··· Data for analysis ···

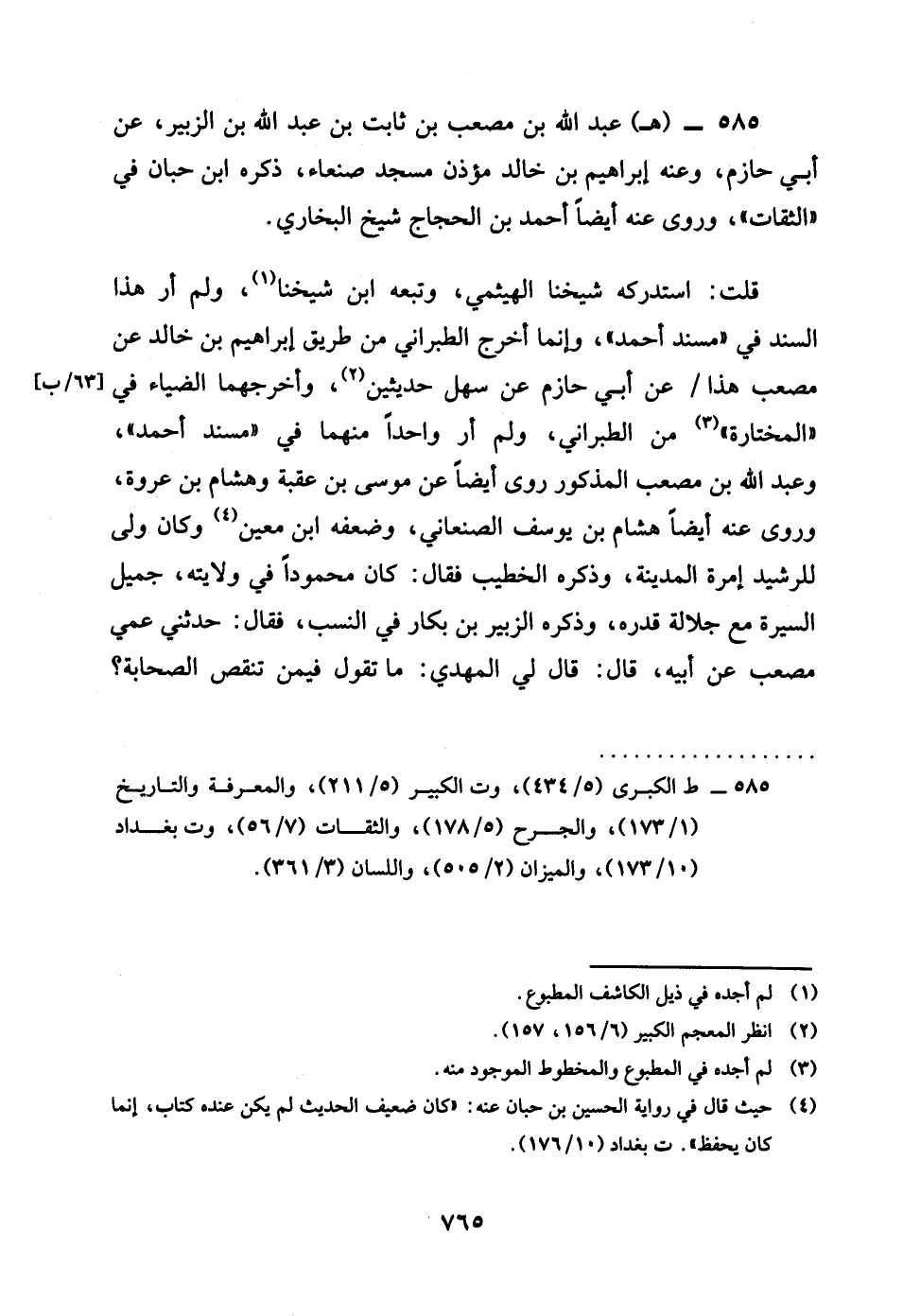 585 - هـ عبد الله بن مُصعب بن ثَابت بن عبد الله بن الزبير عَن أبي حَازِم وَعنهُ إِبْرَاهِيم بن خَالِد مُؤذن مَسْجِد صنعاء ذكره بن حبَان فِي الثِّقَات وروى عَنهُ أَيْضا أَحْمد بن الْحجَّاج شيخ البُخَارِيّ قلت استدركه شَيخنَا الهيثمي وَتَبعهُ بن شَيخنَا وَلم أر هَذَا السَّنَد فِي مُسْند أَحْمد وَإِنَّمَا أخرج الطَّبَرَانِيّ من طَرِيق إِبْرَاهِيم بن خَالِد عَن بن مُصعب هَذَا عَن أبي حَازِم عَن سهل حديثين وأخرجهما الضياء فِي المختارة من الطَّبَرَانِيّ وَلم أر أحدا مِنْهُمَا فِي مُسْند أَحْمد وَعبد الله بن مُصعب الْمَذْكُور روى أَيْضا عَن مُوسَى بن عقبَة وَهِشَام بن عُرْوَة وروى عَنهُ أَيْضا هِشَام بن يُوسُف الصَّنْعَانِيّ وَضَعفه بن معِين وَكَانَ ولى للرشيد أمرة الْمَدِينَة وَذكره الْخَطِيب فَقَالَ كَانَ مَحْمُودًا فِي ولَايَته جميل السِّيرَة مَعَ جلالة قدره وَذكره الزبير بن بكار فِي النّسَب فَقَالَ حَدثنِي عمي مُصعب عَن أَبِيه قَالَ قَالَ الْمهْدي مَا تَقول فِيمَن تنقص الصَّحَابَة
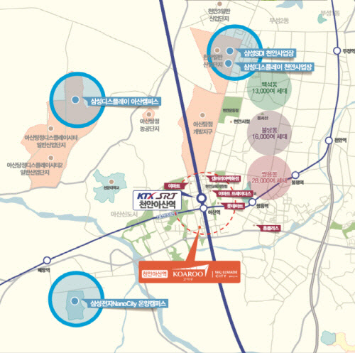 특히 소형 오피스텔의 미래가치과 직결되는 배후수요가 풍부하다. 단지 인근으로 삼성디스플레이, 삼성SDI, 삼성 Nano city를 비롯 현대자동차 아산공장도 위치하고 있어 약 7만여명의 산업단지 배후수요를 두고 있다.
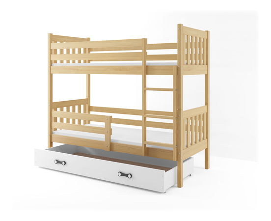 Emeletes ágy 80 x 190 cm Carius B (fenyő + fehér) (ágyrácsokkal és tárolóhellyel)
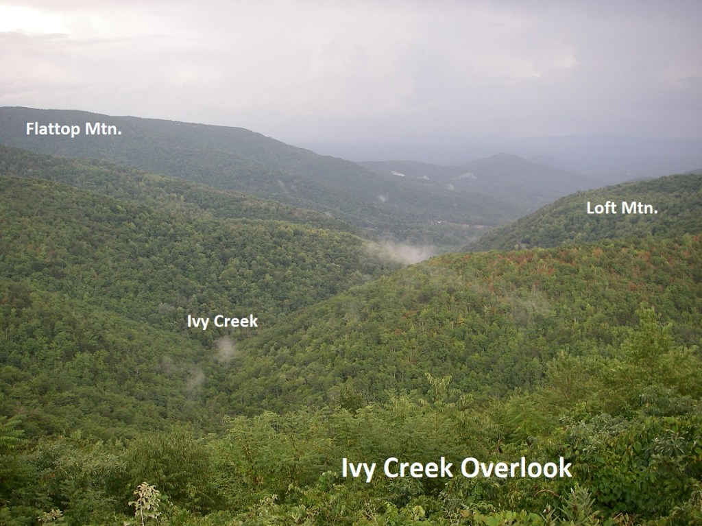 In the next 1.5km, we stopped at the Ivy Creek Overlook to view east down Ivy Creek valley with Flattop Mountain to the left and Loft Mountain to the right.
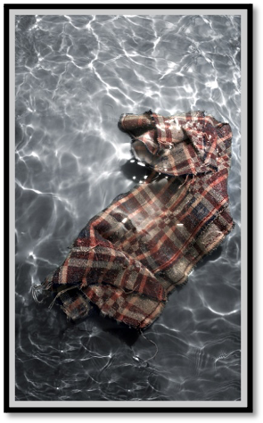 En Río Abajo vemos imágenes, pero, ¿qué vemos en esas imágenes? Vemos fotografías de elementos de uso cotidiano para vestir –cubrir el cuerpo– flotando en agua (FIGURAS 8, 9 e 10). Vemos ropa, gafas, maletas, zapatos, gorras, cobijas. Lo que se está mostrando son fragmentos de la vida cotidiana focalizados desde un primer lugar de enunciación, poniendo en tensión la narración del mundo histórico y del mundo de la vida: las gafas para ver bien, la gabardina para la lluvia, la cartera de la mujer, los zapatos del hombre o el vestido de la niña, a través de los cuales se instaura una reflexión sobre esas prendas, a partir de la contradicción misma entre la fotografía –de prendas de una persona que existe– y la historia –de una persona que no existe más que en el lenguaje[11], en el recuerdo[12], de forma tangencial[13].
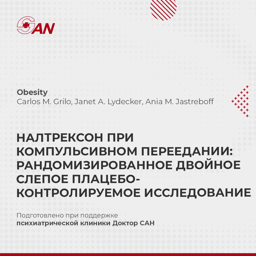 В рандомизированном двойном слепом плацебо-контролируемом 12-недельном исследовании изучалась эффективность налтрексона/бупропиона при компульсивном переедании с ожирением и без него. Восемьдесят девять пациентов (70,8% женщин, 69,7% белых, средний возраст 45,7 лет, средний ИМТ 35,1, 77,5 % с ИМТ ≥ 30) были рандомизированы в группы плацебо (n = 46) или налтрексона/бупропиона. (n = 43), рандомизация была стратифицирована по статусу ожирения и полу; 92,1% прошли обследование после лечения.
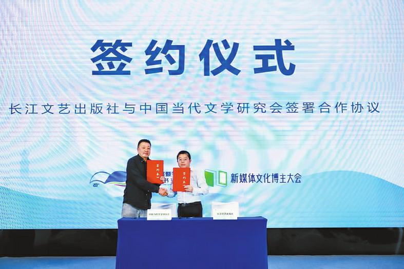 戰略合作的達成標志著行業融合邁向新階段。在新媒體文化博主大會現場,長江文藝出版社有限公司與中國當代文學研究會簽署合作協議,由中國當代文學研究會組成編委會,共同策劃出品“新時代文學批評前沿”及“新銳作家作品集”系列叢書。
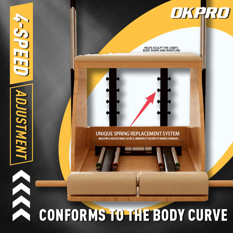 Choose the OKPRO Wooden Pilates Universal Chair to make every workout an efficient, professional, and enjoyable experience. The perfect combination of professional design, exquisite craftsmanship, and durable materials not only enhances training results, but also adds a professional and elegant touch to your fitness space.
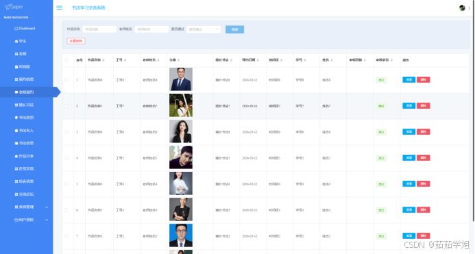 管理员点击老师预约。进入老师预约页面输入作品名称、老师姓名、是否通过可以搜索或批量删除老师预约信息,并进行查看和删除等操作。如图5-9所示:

···

* Task to carry out
Repeat, without pictures, exactly the lines of the data above from the one containing "특히 소형 오피스텔의" through the one containing "Choose the OKPRO", including both and adding nothing.

* Output for this exercise
 특히 소형 오피스텔의 미래가치과 직결되는 배후수요가 풍부하다. 단지 인근으로 삼성디스플레이, 삼성SDI, 삼성 Nano city를 비롯 현대자동차 아산공장도 위치하고 있어 약 7만여명의 산업단지 배후수요를 두고 있다.
 Emeletes ágy 80 x 190 cm Carius B (fenyő + fehér) (ágyrácsokkal és tárolóhellyel)
 In the next 1.5km, we stopped at the Ivy Creek Overlook to view east down Ivy Creek valley with Flattop Mountain to the left and Loft Mountain to the right.
 En Río Abajo vemos imágenes, pero, ¿qué vemos en esas imágenes? Vemos fotografías de elementos de uso cotidiano para vestir –cubrir el cuerpo– flotando en agua (FIGURAS 8, 9 e 10). Vemos ropa, gafas, maletas, zapatos, gorras, cobijas. Lo que se está mostrando son fragmentos de la vida cotidiana focalizados desde un primer lugar de enunciación, poniendo en tensión la narración del mundo histórico y del mundo de la vida: las gafas para ver bien, la gabardina para la lluvia, la cartera de la mujer, los zapatos del hombre o el vestido de la niña, a través de los cuales se instaura una reflexión sobre esas prendas, a partir de la contradicción misma entre la fotografía –de prendas de una persona que existe– y la historia –de una persona que no existe más que en el lenguaje[11], en el recuerdo[12], de forma tangencial[13].
 В рандомизированном двойном слепом плацебо-контролируемом 12-недельном исследовании изучалась эффективность налтрексона/бупропиона при компульсивном переедании с ожирением и без него. Восемьдесят девять пациентов (70,8% женщин, 69,7% белых, средний возраст 45,7 лет, средний ИМТ 35,1, 77,5 % с ИМТ ≥ 30) были рандомизированы в группы плацебо (n = 46) или налтрексона/бупропиона. (n = 43), рандомизация была стратифицирована по статусу ожирения и полу; 92,1% прошли обследование после лечения.
 戰略合作的達成標志著行業融合邁向新階段。在新媒體文化博主大會現場,長江文藝出版社有限公司與中國當代文學研究會簽署合作協議,由中國當代文學研究會組成編委會,共同策劃出品“新時代文學批評前沿”及“新銳作家作品集”系列叢書。
 Choose the OKPRO Wooden Pilates Universal Chair to make every workout an efficient, professional, and enjoyable experience. The perfect combination of professional design, exquisite craftsmanship, and durable materials not only enhances training results, but also adds a professional and elegant touch to your fitness space.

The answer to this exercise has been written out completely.